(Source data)
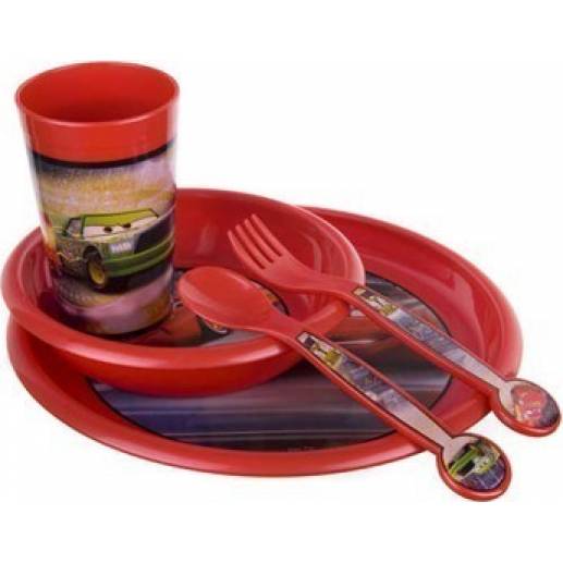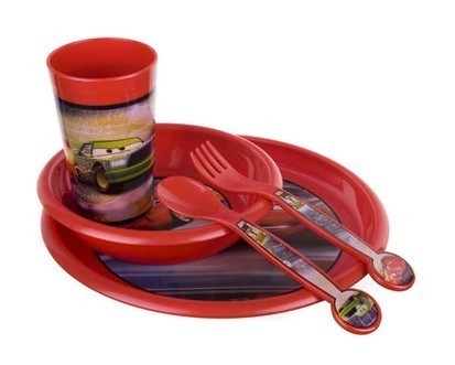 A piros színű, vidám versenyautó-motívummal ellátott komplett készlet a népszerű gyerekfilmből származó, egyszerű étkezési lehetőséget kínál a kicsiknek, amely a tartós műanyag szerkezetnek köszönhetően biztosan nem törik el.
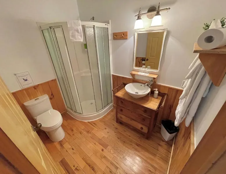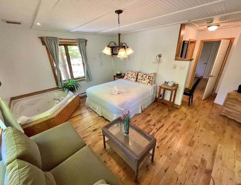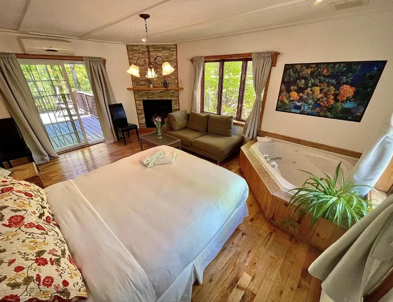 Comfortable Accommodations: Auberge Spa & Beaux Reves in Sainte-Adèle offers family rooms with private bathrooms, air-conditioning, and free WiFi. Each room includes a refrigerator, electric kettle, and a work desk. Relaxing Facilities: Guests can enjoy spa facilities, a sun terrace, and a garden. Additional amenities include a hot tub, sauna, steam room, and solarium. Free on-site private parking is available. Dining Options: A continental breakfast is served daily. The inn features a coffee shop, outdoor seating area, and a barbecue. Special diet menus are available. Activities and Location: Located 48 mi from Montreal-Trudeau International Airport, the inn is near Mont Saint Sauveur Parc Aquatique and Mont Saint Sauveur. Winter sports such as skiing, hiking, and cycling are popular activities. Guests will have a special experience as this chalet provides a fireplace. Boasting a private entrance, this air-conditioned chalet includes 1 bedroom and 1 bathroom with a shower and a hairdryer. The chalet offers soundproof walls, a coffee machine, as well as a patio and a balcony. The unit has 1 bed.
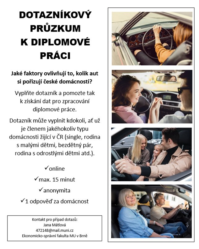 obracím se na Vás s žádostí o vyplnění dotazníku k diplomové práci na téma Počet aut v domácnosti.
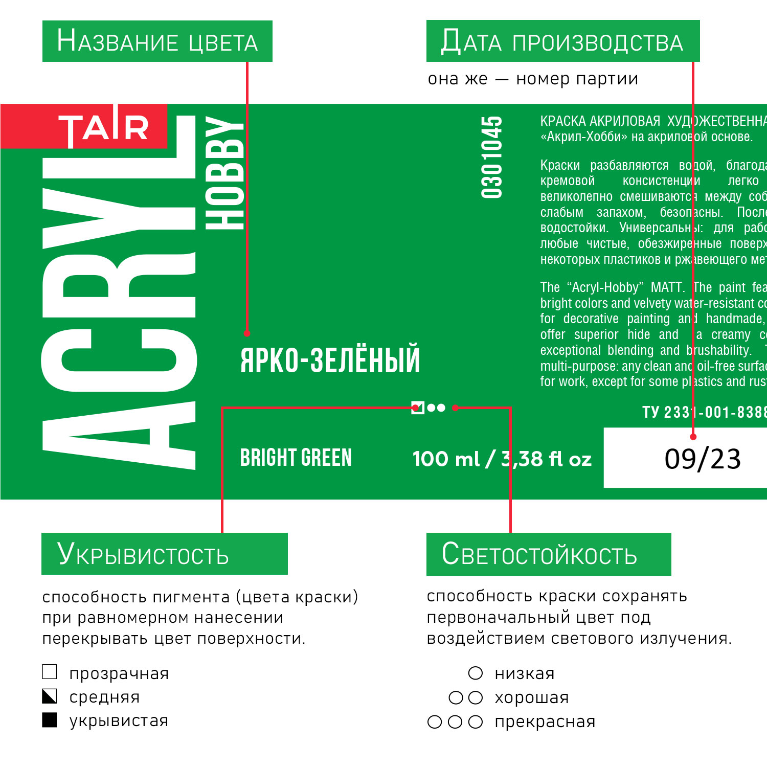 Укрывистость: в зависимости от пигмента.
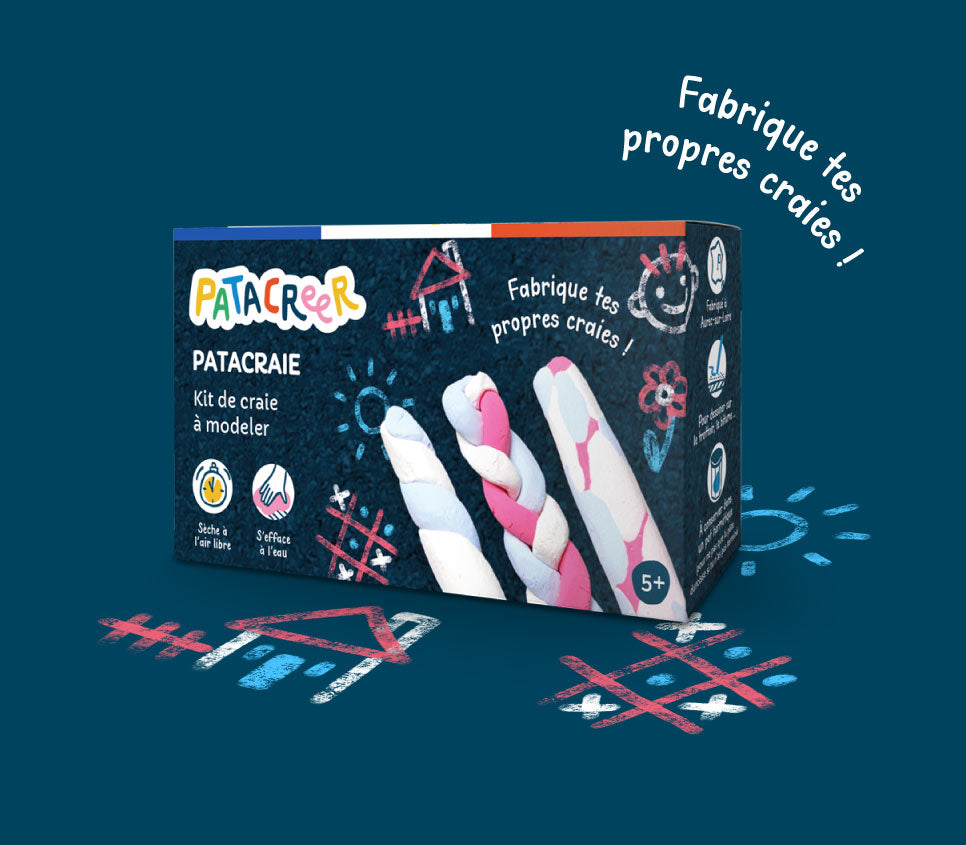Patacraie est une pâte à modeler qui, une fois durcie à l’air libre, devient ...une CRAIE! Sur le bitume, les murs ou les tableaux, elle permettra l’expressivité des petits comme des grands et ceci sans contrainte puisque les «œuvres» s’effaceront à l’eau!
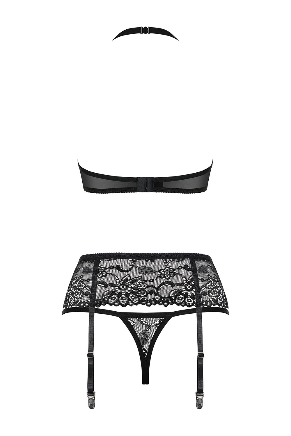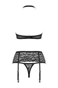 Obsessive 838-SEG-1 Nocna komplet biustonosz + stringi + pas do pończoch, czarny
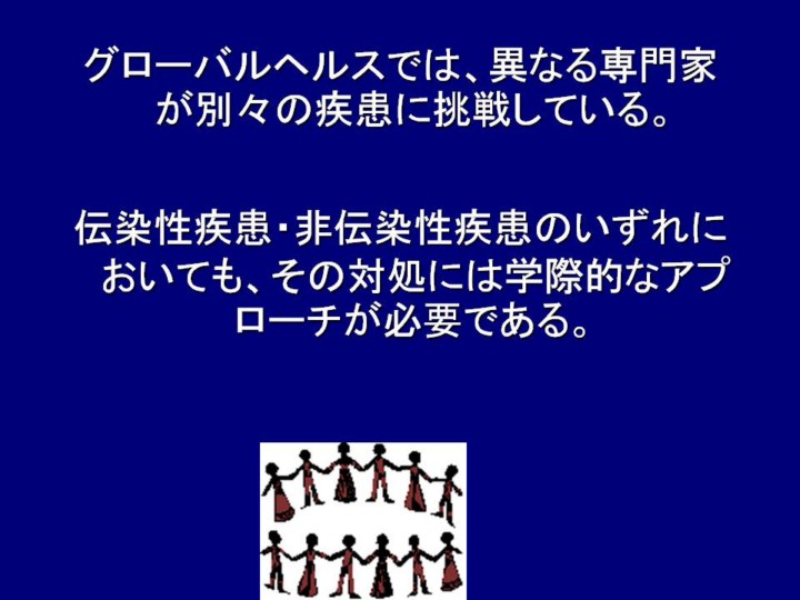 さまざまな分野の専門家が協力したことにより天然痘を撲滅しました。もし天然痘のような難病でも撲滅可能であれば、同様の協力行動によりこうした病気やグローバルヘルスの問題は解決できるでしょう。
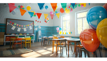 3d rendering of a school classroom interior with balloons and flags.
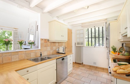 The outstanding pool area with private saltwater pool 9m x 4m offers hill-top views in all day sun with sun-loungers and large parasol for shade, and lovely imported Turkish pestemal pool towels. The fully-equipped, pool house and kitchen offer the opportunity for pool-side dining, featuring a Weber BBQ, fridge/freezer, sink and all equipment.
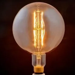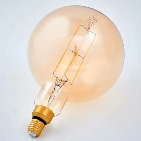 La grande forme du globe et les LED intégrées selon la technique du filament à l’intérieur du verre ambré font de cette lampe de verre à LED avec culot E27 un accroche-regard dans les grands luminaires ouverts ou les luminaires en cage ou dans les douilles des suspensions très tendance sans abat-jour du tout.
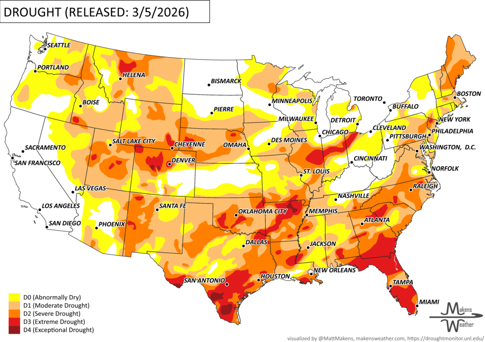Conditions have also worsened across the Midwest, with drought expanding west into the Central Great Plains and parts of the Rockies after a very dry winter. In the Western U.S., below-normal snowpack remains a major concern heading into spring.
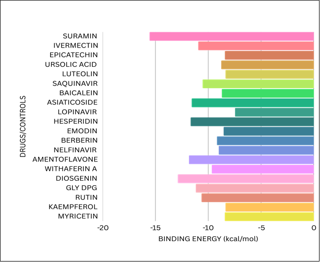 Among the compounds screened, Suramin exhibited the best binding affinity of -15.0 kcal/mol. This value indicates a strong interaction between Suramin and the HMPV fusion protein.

• Directions: Above are the records. Copy word for word only their lines from the one holding "Obsessive 838-SEG-1 Nocna" through the one holding "The outstanding pool", both included, and skip the images.

• Output of the exercise:
 Obsessive 838-SEG-1 Nocna komplet biustonosz + stringi + pas do pończoch, czarny
 さまざまな分野の専門家が協力したことにより天然痘を撲滅しました。もし天然痘のような難病でも撲滅可能であれば、同様の協力行動によりこうした病気やグローバルヘルスの問題は解決できるでしょう。
 3d rendering of a school classroom interior with balloons and flags.
 The outstanding pool area with private saltwater pool 9m x 4m offers hill-top views in all day sun with sun-loungers and large parasol for shade, and lovely imported Turkish pestemal pool towels. The fully-equipped, pool house and kitchen offer the opportunity for pool-side dining, featuring a Weber BBQ, fridge/freezer, sink and all equipment.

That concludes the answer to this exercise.